Story image

Businesses unsure if they’ve experienced Pass the Hash attacks – One Identity

14 Oct 2019
Twitter
Facebook

Identity and access manager solutions provider One Identity has released new global research revealing the significant prevalence and impact of cyberattacks that use stolen hashed administrator credentials, also referred to as Pass the Hash (PtH) attacks, within businesses.

Among the survey’s is that 100% of Australian respondents say that PtH attacks, when they happen, have a direct business impact on their organisation.

Conducted by Dimensional Research, the survey of more than 1,000 IT professionals reinforces the need for organisations to deploy effective Active Directory (AD) management and privileged access management (PAM) solutions and practices, given that PtH attacks primarily result in unauthorised use of privileged credentials to compromise enterprise systems and data.

In a typical PtH attack, an attacker obtains privileged credentials by compromising an end-user’s machine and simulates an IT problem so that a privileged account holder will log into an administrative system.

Those login credentials are stored as a hash that the attacker extracts and uses to access additional IT resources across the organisation.

Without a holistic and strategic approach to protect privileged accounts and identify when privileged access is being abused, a cybercriminal leveraging a PtH technique can gain access to an entire network, rendering all other security safeguards ineffective.

According to One Identity’s survey, IT security stakeholders recognise the damage PtH attacks can cause, however, many are still not implementing the most important measures available to fight them. Additional findings from the report include:

PtH incidents, when they happen, have a widespread, direct impact on Australian businesses.

  • 35% say a PtH incident has a direct financial impact, such as lost revenue and fines.
  • 65% report a direct impact on operational costs.
  • 82% say these attacks distract staff from other projects, a rate 21% higher than the global average

Ignorance of PtH attacks is worryingly prevalent for the majority of Australian organisations.

  • 76% percent of Australian IT security stakeholders do not know for certain whether they’ve experienced a PtH attack.
  • Four percent of IT security stakeholders in Australia do not even know what a PtH attack is.
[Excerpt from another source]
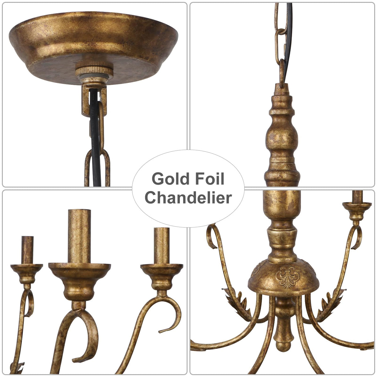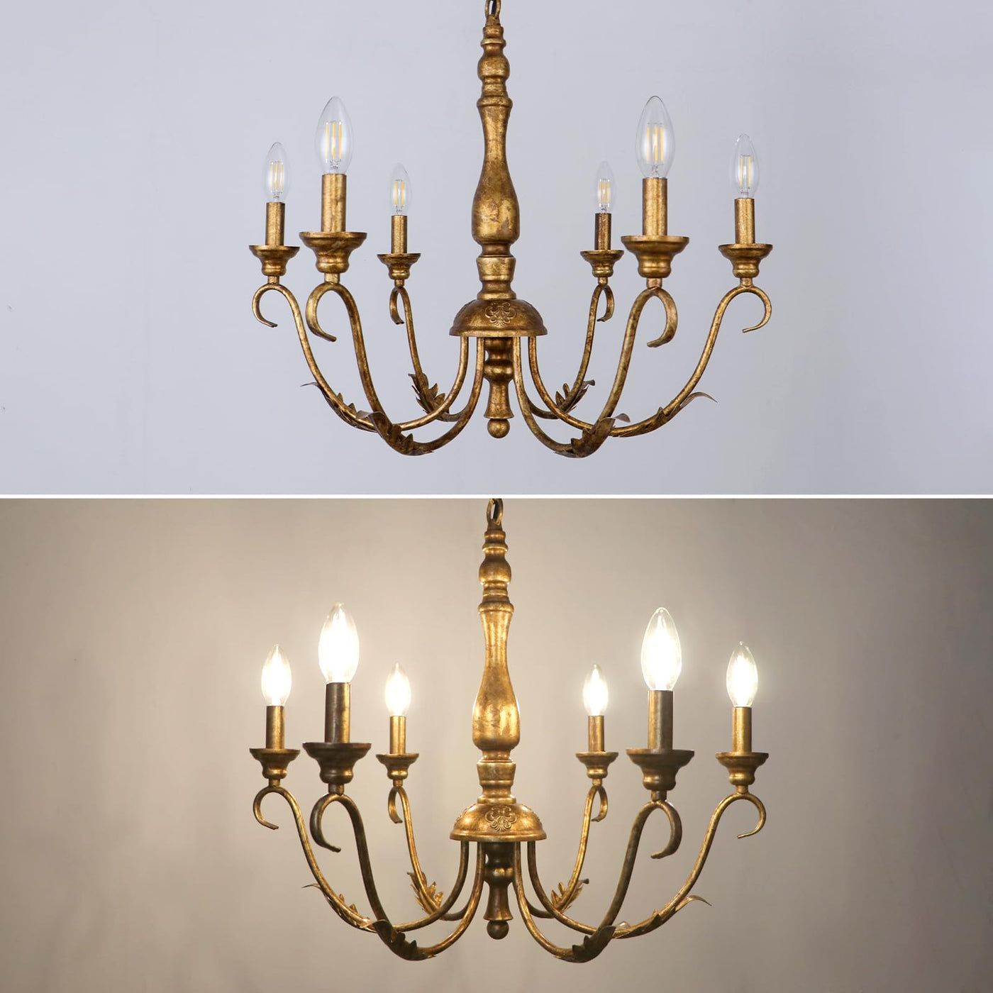 KMaiPem 6-Light Farmhouse Chandelier, 23.62'' Vintage Gold Chandeliers for Dining Room, Adjustable Rustic Metal Hanging Pendant Light Fixture for Kitchen Island Entryway Foyer Bedroom Hallway
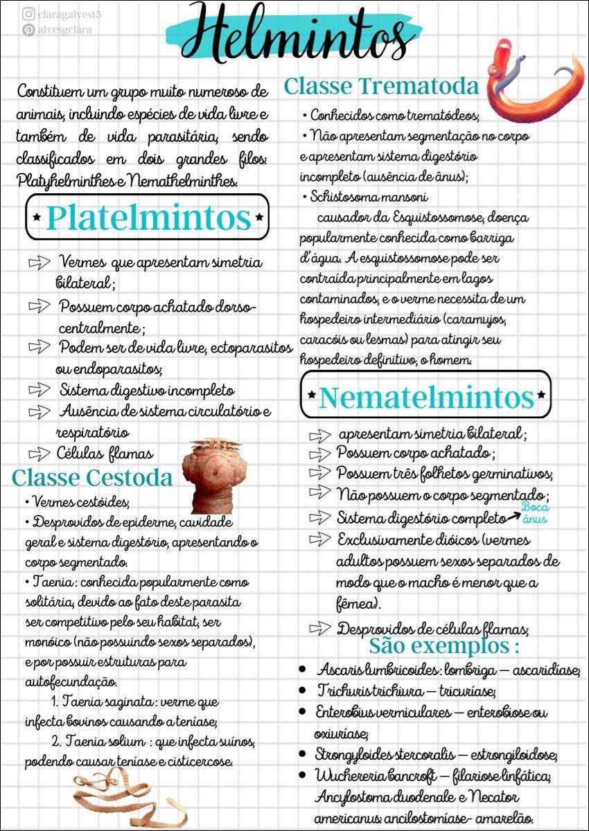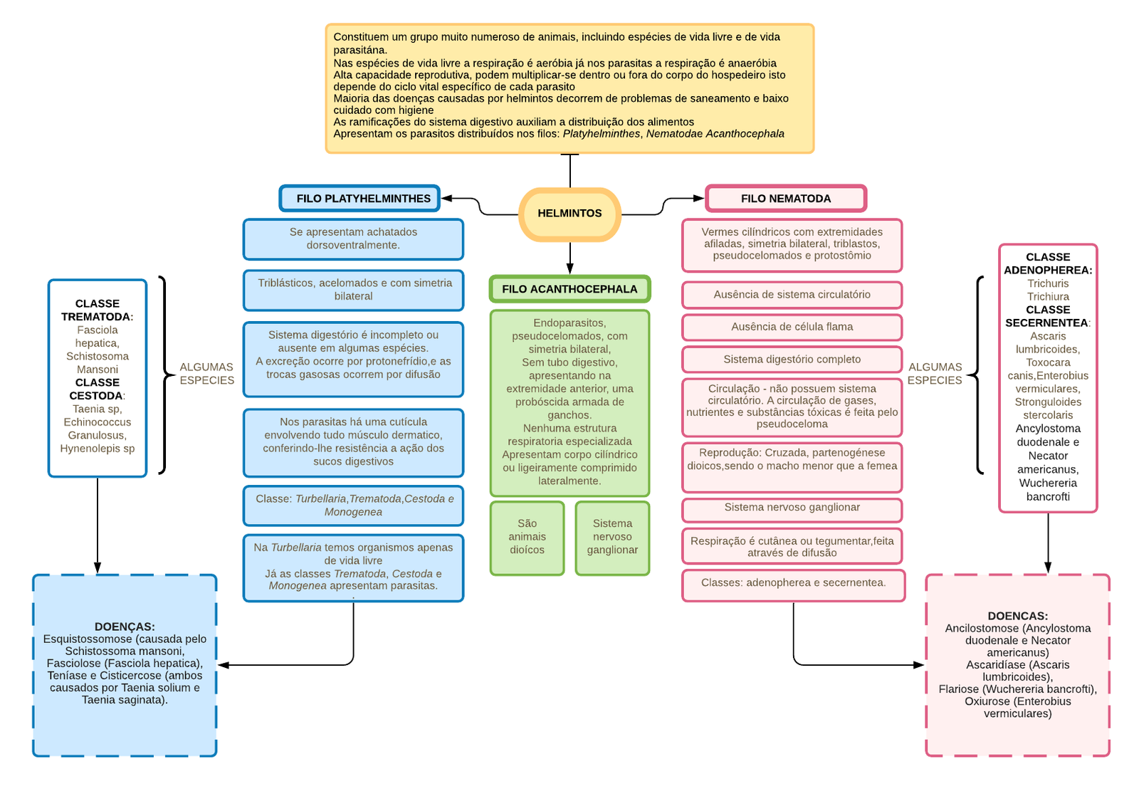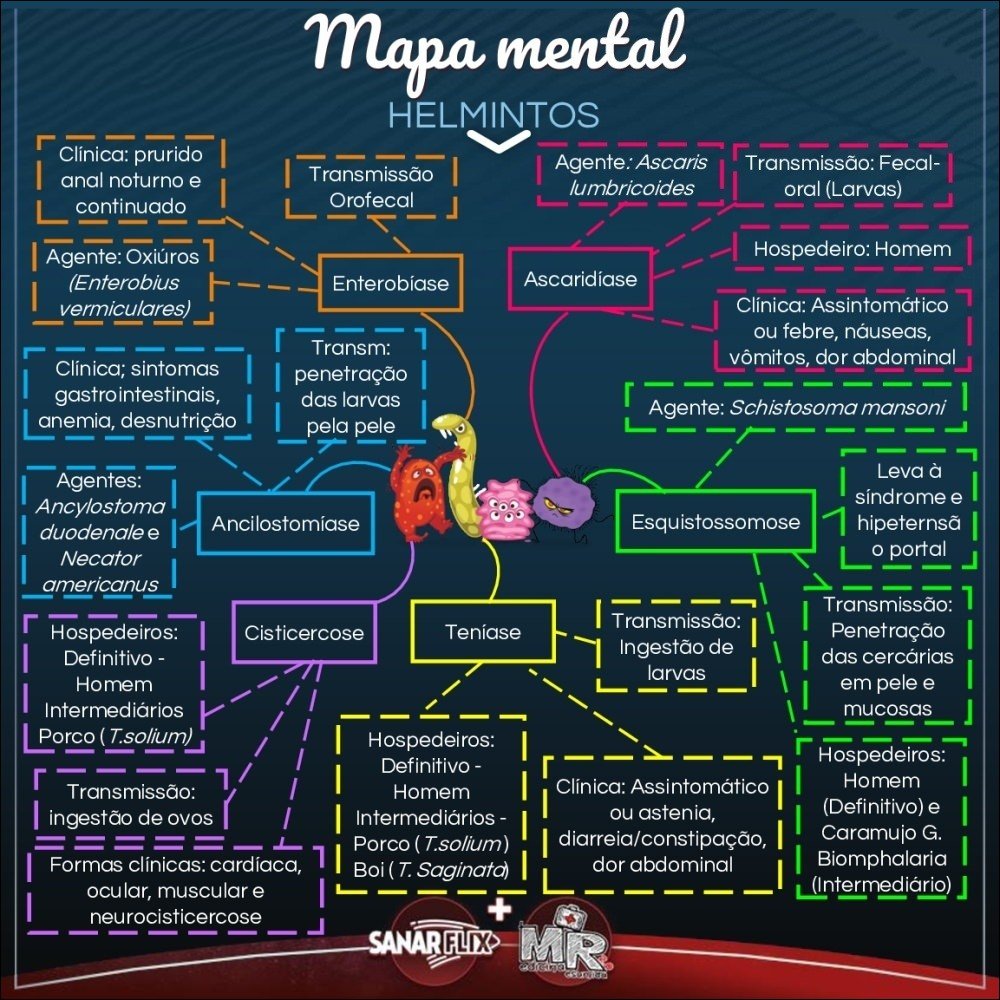 Compilação com os melhores mapas mentais, conceituais, infográficos, diagramas e resumos sobre helmintos.

The vast majority (88%) of Australian respondents say they are already taking steps to prevent PtH attacks

  • 58% have implemented privileged password management (a password vault).
  • 42% percent have implemented better controls over AD/Azure AD administrator access.
  • 27% have implemented advanced PAM practices such as session audit and analytics.
  • 25% have followed Microsoft’s guidance and implemented an Enhanced Security Administrative Environment (ESAE, also known as Red Forest).
  • On a global level, among the respondents that have not taken any steps to prevent PtH, 85% have no plans to do so.

“The results of our 2019 survey indicate that despite the fact that Pass the Hash attacks are having a significant financial and operational impact on organisations, there is room for improvement in the steps organisations are taking to address them,” says One Identity product management vice president Darrell Long.

“Without a holistic and strategic approach to protect privileged accounts and identify privileged access abuse, organisations could very well leave their entire network exposed to cybercriminals leveraging the PtH technique, with detrimental repercussions to the business.

Long adds, “Australian businesses need to be vigilant in the face of the growing threat of Pass the Hash attacks given the significant effect they are having on companies’ bottom-lines and day-to-day operations. While Australian businesses are taking steps to protect themselves, it’s worrying that the vast majority can’t definitively state if they have been a victim of such an attack.

“Such was evident in the recent case where hackers accessed private student information from one of Australia’s major university networks in a manner that was described by the University as a state-of-the-art hack, carried out by an actor at the very top of their game and at the very cutting edge.”